TASK OBJECTIVE
Each line below from the line with "上一篇:北京市海淀区清华附属中学2023-2024学年八年级上学期期中语文试题" to the line with "construire notre bouche." must be copied exactly, including those two, and no picture may appear in the copy.

━━ TASK INPUT ━━

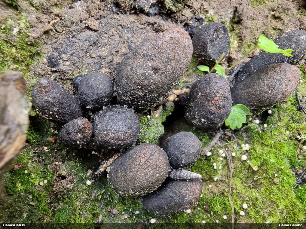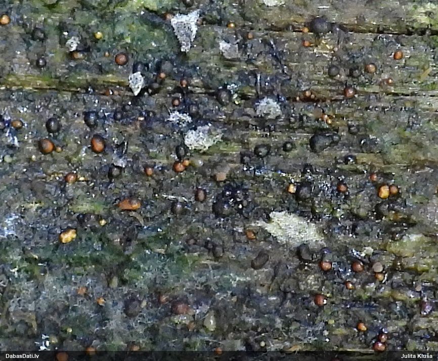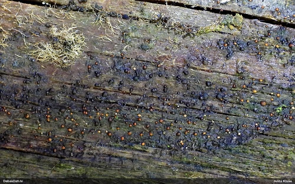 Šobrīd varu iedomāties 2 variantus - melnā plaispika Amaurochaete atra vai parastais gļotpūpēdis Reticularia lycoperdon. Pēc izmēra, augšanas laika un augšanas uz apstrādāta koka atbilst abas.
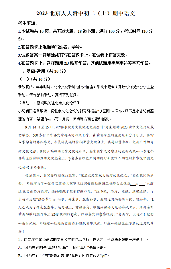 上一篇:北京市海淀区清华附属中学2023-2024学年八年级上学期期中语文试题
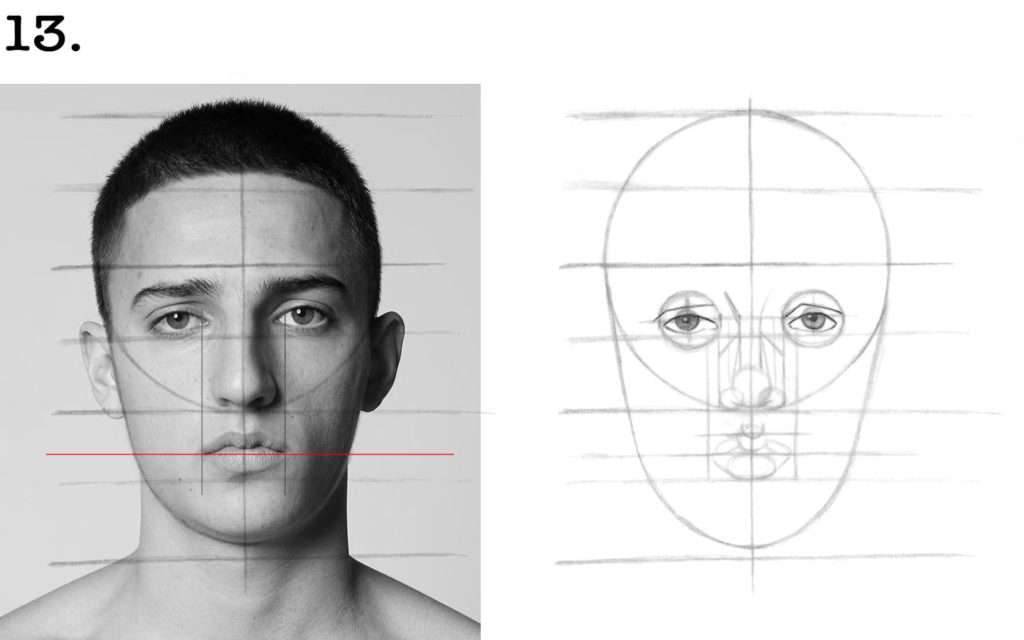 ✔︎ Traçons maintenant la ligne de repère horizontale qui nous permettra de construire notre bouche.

━━━
━━ TASK INPUT ━━

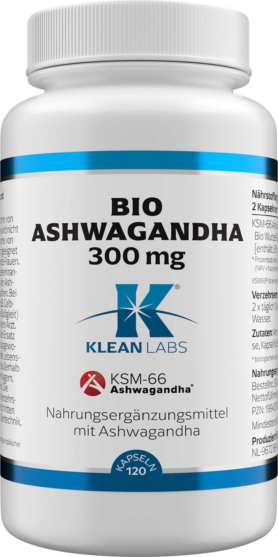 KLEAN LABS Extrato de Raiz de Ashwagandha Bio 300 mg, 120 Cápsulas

━━━

THE ANSWER
 上一篇:北京市海淀区清华附属中学2023-2024学年八年级上学期期中语文试题
 ✔︎ Traçons maintenant la ligne de repère horizontale qui nous permettra de construire notre bouche.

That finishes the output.